Wednesday, June 19, 2013
Common Good "Amateur" Love Poems
It's hard to say what it is about poetry that invites amateurs to the plate. Outside of a contest, I mean. Most people, for instance, don't assume they're fit to fly a plane or run 23 miles, without practice. Then again, most people wouldn't think to compare poetry and aviation. For one thing, the odds of dying on a plane are less than one in a million, while those of dying a little each day one spends on poetry's as sure as rain in April, as they say. It's become something of a right of passage, limning lines of verse to those you love or, at least, smelled once at some point in junior high and--if fate has vehemently saved for you a life of romantic incredulity--even up through college; a kind of youth-fueled task on par with playing catch or learning how to build a fire. You don't have to be an expert, in other words, just be able to look up around the fire someone else knew how to start and confidently roll your eyes when asked if you can believe "that game" the other night. You can and you can't. I mean, how hard is it to catch a pop-up in left field? That all depends, you think, on where left field is.
The odd thing, though, apart from the fact that a man could watch his only son kick a baseball in the grass in order not to have to throw it, call it good and move on then to shaving, is that poetry, unlike the major leagues, maintains an air of apprenticeship; holds dear its naivete, if not the damn ball. "Everyone's a poet!" Not a motto, quite. At least not until it becomes socially acceptable to shout "Thank God It's Recycling Day!" up and down the halls of one's workplace. I couldn't say who coined the phrase, not jovially, in any case (one can hear Plato lamenting an afflictive rise of poets and distortedly asperse that "everyone's a poet," like sad Eeyore, glancing sideways at his house made out of sticks, before knocking back another shot of ouzo), but everyone from Patricia Smith, who in the recently released Passwords Primeval: 20 American Poets in their Own Words says, "Writing is our second throat. The only difference between someone who doesn't write and me is something in my life caused that throat to click open," to your average 3rd grade arts crawl organizer seems drawn to the idea, if not the reality.

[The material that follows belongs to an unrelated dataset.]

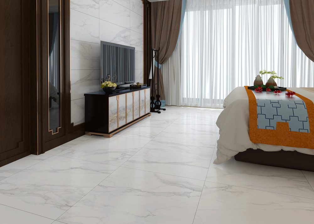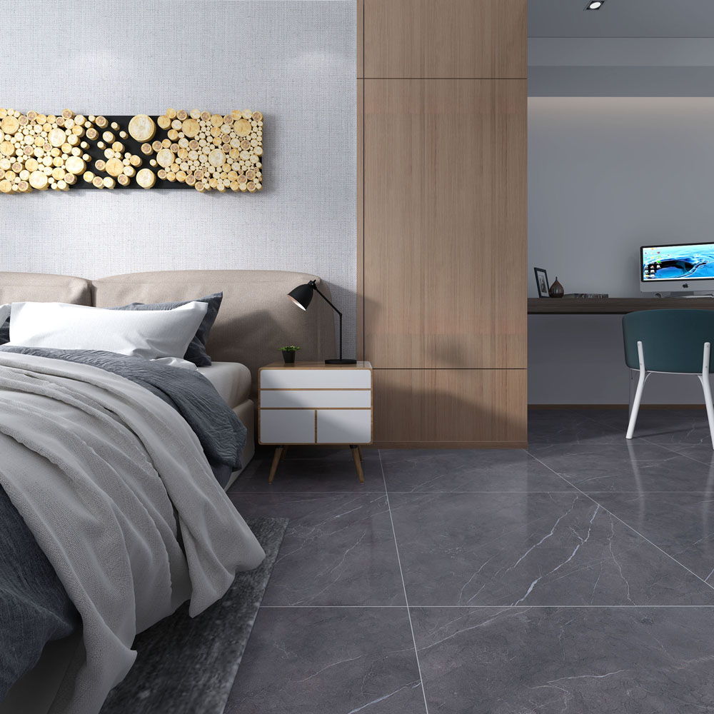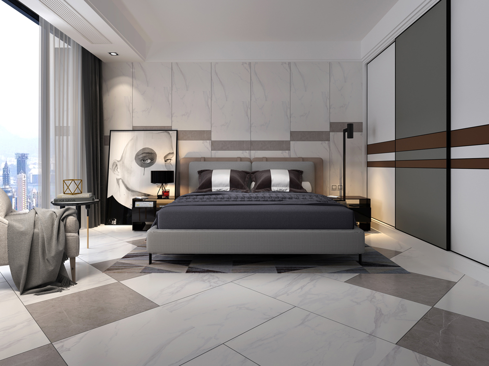 (15°緞光釉KFD126A01)錯位鋪貼的鋪磚方式,凸顯空間層次感,床尾配有布藝沙發,在窗邊看著這城市的日落和日出,一天都不會覺得枯燥。

Until recently, I fell into the camp of those who... how can I put this... sort of doubt that "everyone's" a poet. Children five and under, sure. You get to be "poets," and eat free on Monday nights at participating family restaurants. But I am, or was, afraid that anyone capable of holding pen to paper and, at the very least, acknowledging that, just because you can rhyme love with dove and heart with lark, doesn't mean you should, isn't too free to compare themselves to Plath just for delineating journal entries into anapestic trimeter. So then we announce this contest, to which the prefix "amateur" was, I thought, pretty clearly appended, and what happens? People, normal people; people you might well mistake for teachers, students, bloodline relatives, etc., start sending us these works of art. Unpublished works of art, perhaps, but artworks nonetheless. And anyway, long story short, 12 poems were selected, hung from banners like declarations of previous hockey championships, and read before a wildly attentive audience. And now they're up online.
"The poet is an imitator," Plato said. Well, actually, he said "the tragic poet is an imitator," but why kick a dead horse/state the obvious? The truth is we're all imitators. Framing selves on facebook, professing love or, worse, disgust, on cell-phones for the benefit of passers by, and all the while pretending not or fatally missing one's chance to care. Poets may be lots of things--lazy, broke, covered in hair--but few are truly apathetic. "Amateur" at least connotes an interest or attempt; an unfrenetic answer to the already confusing call for audience engagement, tempered by a dash of reverence like a whiskey watered down with Coke. Deference and humility should speak to us of courage, not its opposite. Even Junot Diaz said ambivalence, not confidence, is what startles his work to life; the challenge of the void most writers face each time they write, leaving brainless bravado on the field, where it almost certainly belongs.